United States District Court, C.D. California

December 8, 2014


Attorneys for Plaintiffs: Christina Humphrey, Stanley Saltzman.

Attorneys for Defendants: Julie Patterson, Glenn Plattner, Jonathan Solish.



Proceedings: PLAINTIFF'S MOTION FOR PARTIAL SUMMARY JUDGMENT (dkt. 88, filed October 29, 2014) DEFENDANTS' MOTION FOR SUMMARY JUDGMENT (dkt. 89, filed October 29, 2014)


Plaintiff Tammy Dotson, joined by twenty-one other individuals and twenty-two corporations, initially filed this complaint in Los Angeles County Superior Court on October 14, 2011, against defendants Avis Rent a Car System, Inc. (" Avis"), Budget Rent a Car System, Inc. (" Budget"), Avis Budget Group, Inc. (" Avis Budget"), and Does 1-100 (collectively, " defendants"). Defendants removed the action to this Court on December 1, 2011.

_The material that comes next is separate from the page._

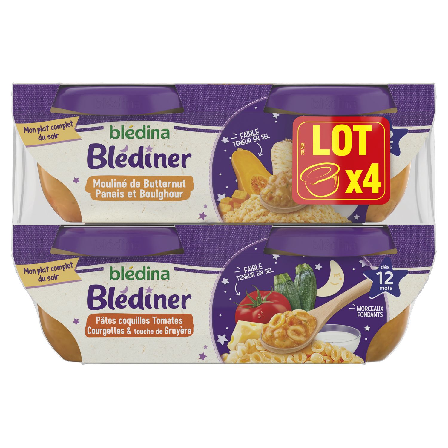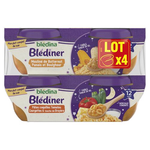 BLEDINA BLEDINER BOLS Mouliné de butternut panais et boulghour : Ingrédients : Lait écrémé reconstitué à base de lait en poudre 32,5 % (LAIT) - Butternut 25,1 % - Panais 10,0 % - Boulghour cuit 9,0 0 % (GLUTEN) - Carottes - Eau de cuisson - Céleri (CELERI) - Oignons - Crème (LAIT) - Pommes de terre - Amidon de maïs - Huiles végé tales (colza, tournesol) - Persil - Sel - Curcuma - CuminBLEDINA BLEDINER BOLS Pâtes coquilles tomates courgettes et touche de gruyère : Ingrédients : Lait écrémé reconstitué à base de lait en poudre 27,7 % (LAIT) - Purée de tomates à base de concentré 23,1 % - Pâtes cuites 12,0 % (Semoule de blé dur (GLUTEN), Blanc d'oeuf en poudre (OEUF)) - Courgettes 11,1 % - Pommes de terre - Oignons - Carottes - Amidon de maïs - Crème 2,00 % (LAIT) - Gruyère fondu 1,60 % (LAIT) (Gruyère, Eau, Beurre, Epaississant : gomme xanthane) - Lait é crémé en poudre 1,53 % (LAIT) - Huiles végétales (colza, tournesol) - Epinards - Sel - Basilic - Ail - Muscade

After significant motion practice, twenty-seven plaintiffs ultimately filed the operative sixth amended complaint (" SAC") on October 11, 2012. The SAC alleges ten claims for relief: (1) declaratory relief; (2) failure to pay overtime compensation in violation of California Labor Code § 1194; (3) failure to indemnify and illegal wage deductions in violation of California Labor Code § § 226 and 2802; (4) failure to compensate for meal and rest breaks in violation of California Labor Code § § 226.7, 512, and 558; (5) failure to pay wages upon termination in violation of California Labor Code § § 201-203; (6) failure to provide an accurate, itemized wage statement in violation of California Labor Code § 226; (7) fraud and deceit: concealment; (8) violation of California Business and Professions Code § 17200, et seq . (" UCL"); (9) accounting; (10) remedies under the Private Attorneys General Act of 2004 (" PAGA"), California Labor Code § 2698 et seq .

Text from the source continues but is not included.